As one door closes...
This is a big week in our household: on Wednesday we'll be closing the door on our first American home and moving a few blocks over to our new place. No longer will we be high-rise city apartment dwellers; we're setting up home in a proper grown-up house with three bedrooms, a garden (ok, tiny concrete yard, but we'll take anything we can get in Center City Philadelphia) and a kitchen with an island unit. Be still my beating heart.
This is a move I've been gunning for for a while. Our modern 2-bed apartment was perfect for us when we moved in nearly 2.5 years ago with a few suitcases, a couple of boxes of books and pictures, and a modest Ikea shopping list to get it furnished. In our pre-baby life I loved being able to lounge on the communal rooftop terrace and host movie nights in the Theater room. My guilt at avoiding the well-equipped gym was assuaged by regular use of the lovely indoor pool (which always seems to be empty - why??), and as my pregnancy progressed I spent many happy hours doing lengths and dreaming of the baby we were ever closer to meeting. And the apartment continued to serve us well in the newborn months, when the proximity of changing table to washing machine to kettle was a big bonus. It also brought new pleasures, such as the delighted interest of the lovely front desk staff and older neighbours in the building, who suddenly wanted to stop and chat and admire our growing little bundle.
But during the course of last spring and summer, as E morphed from a static baby in to a tiny wrecking ball, crawling, then walking and now running around every inch of space and trailing a wake of toy, book and saucepan-based destruction behind her, I've found myself desperate for more room. We've agonised over evicting her from her bedroom every time we've had guests to stay, the guilt mounting each night we've put her to bed in a travel cot in my husband's closet (affectionately, although not entirely jokingly, termed her 'Harry Potter cupboard'). In the warm summer months, I longed for the convenient shade of a garden to set up a play mat or water table, instead of having to haul her (and the multitude of snacks, sun protection and changing stuff that accompanies any toddler) out to brave the summer heat at the park once again.

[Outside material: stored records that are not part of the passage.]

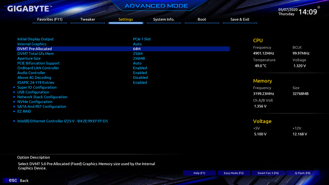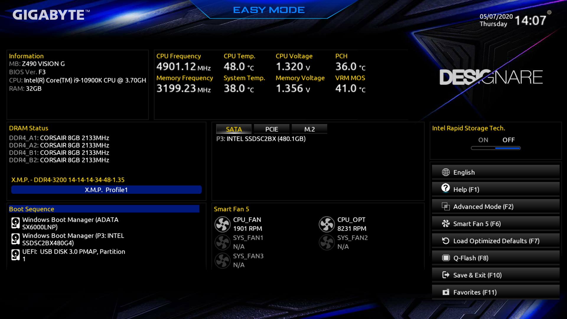 Попадаем в общее «простое» меню, где по сути одна информация (с легким выбором ряда опций), так что нажимаем F7 и попадаем уже в «продвинутое» меню. Забавно, что в дизайне меню UEFI еще не успели заменить «Designare» на новое название серии.
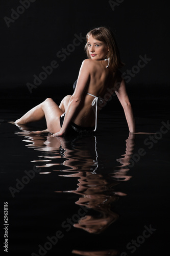 © Dmitriy Melnikov, Fototapeta premium Young woman sits in water.
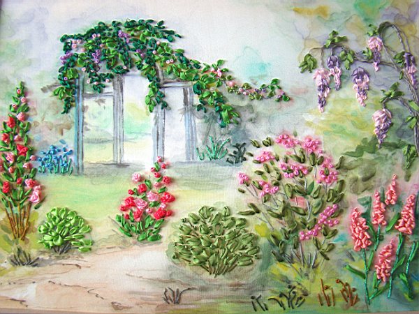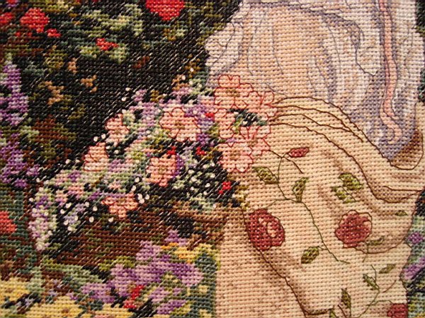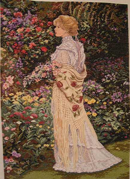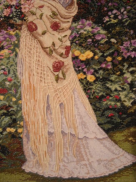 Моя самая интересная и сложная работа «В ее саду». Здесь используется несколько техник: крест, полукрест, бэкстич, французские узелки на букете и кординг на шали
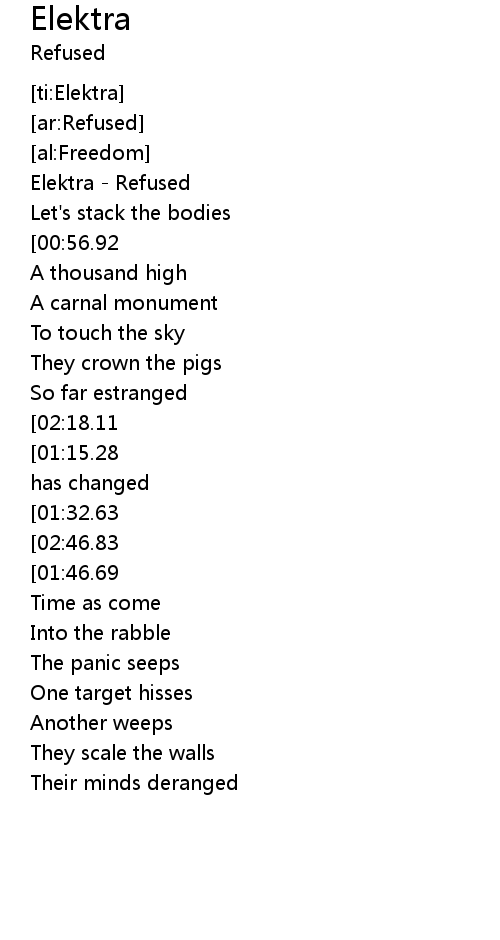 | [01:41.03][01:46.69][01:48.29][02:49.64][02:55.28][02:56.79] | There's no escape |
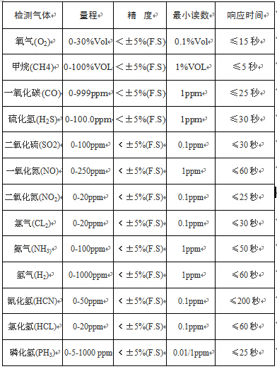 傳感器:氧氣及有毒氣體為電化學(xué)型,可燃?xì)怏w為催化燃燒型
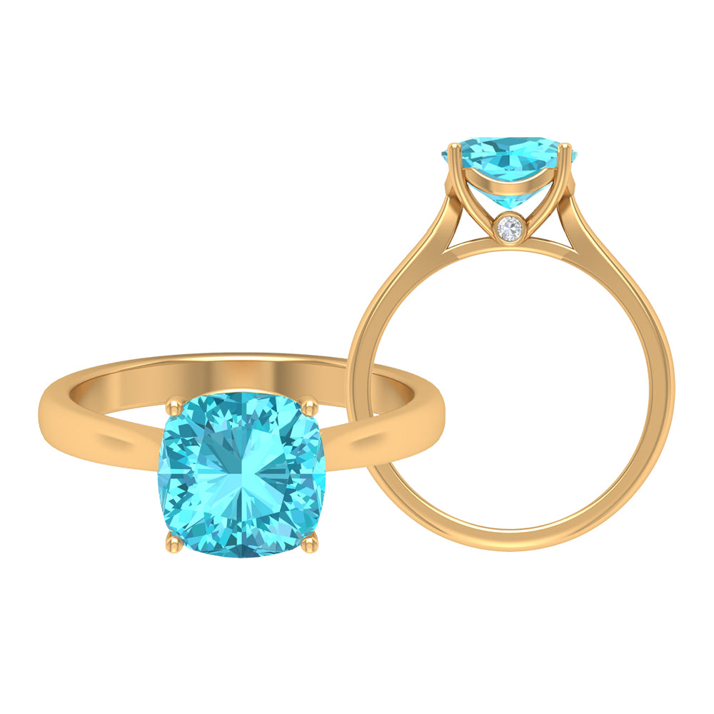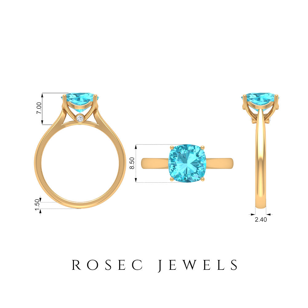 Apart from that, make sure to store it away from any harder gemstones that hold the potential of scratching it. Remember, products loaded with harmful chemicals can cause substantial damage to your gemstone. So, whether you wear a white, rose, or yellow gold Swiss Blue Topaz Ring, make sure to put it off while applying makeup, before hopping in the shower, etc.
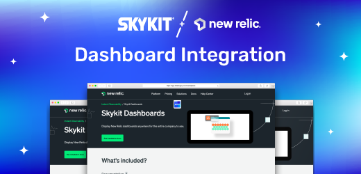 Our new integration with Skykit lets you display your New Relic dashboards to any TV, monitor, or digital screen—no matter where they are located. Skykit’s cloud-based digital signage software solves a critical challenge many IT teams face in securely authenticating data visualization and monitoring tools to digital screens at scale.
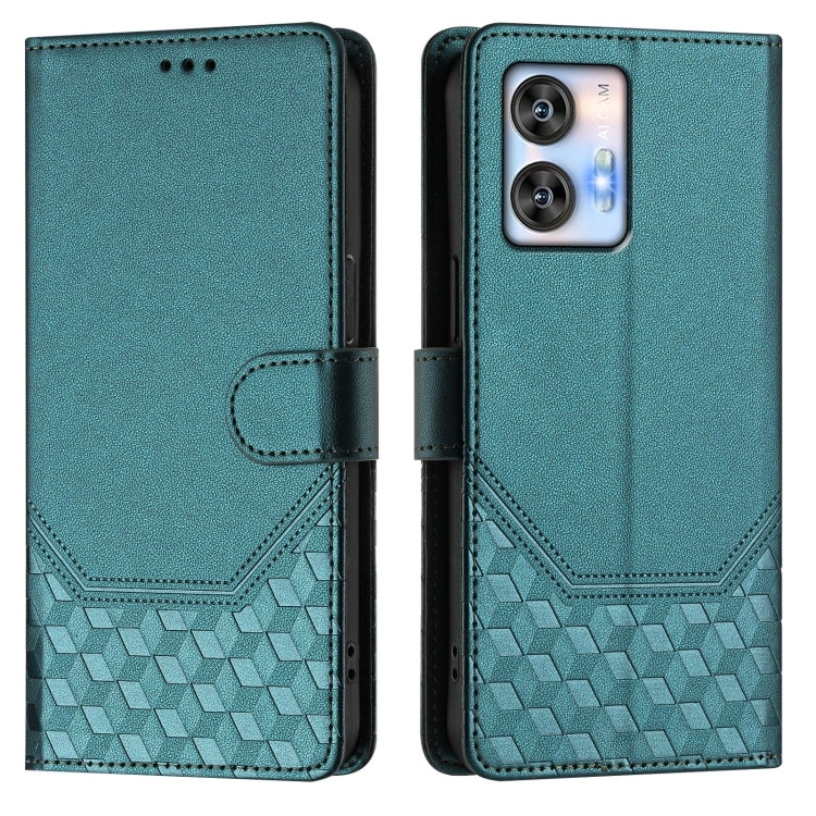 Funda de Cuero Rfid con Relieve en Panal para Oukitel C35 (Verde Pavo Real)

Autumn brought the exciting (and slightly terrifying) news that this coming June our little family will expand once more, and the thought of having TWO little ones room in with us as we host the plethora of family visitors this summer soon prompted the start of the search for a proper house. I am thrilled with the place we've found - great neighbourhood, still walking distance from my husband's work, all the space we could want and more. It really is a find - I couldn't be happier. And yet, as move day has drawn ever closer, I've found myself becoming increasingly wistful....

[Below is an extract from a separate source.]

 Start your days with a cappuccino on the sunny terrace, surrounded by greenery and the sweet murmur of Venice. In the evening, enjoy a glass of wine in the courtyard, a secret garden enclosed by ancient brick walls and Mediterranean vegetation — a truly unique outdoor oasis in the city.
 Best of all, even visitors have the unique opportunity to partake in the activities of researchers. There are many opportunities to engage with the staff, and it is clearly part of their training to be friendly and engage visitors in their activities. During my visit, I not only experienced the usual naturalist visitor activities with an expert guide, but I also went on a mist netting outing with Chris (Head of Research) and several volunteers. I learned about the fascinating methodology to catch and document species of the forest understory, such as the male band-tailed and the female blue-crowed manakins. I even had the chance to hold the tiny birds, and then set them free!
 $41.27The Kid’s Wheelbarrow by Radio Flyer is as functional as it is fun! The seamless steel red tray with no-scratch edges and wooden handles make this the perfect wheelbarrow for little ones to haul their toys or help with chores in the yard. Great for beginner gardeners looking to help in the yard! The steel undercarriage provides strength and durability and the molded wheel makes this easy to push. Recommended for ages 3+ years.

In leaving behind our apartment, we are closing the door not only on the first place we called home in America, but more importantly on our first family home. The place to which we returned in a state of blissful exhaustion with our two-day old daughter. The climate controlled sanctuary my husband worked tirelessly to create in a bid to maintain a perfectly regulated temperature for our newborn daughter's first weeks. The floor where she first rolled, and sat up, and took those initial wobbly steps. The carpet that is littered with the stains of her first tastes. The bathroom where I trembled with joy as I learnt our family was to grow from two, to three, to four.
I know these four walls cannot contain us forever. I know we will love the new house and appreciate all the extra room we have to enjoy. But as we close the door on our apartment this week, I will probably shed a quick tear for all the firsts we are leaving behind and all the love they have brought with them. If our new home brings us half the joy again, we will be very lucky indeed.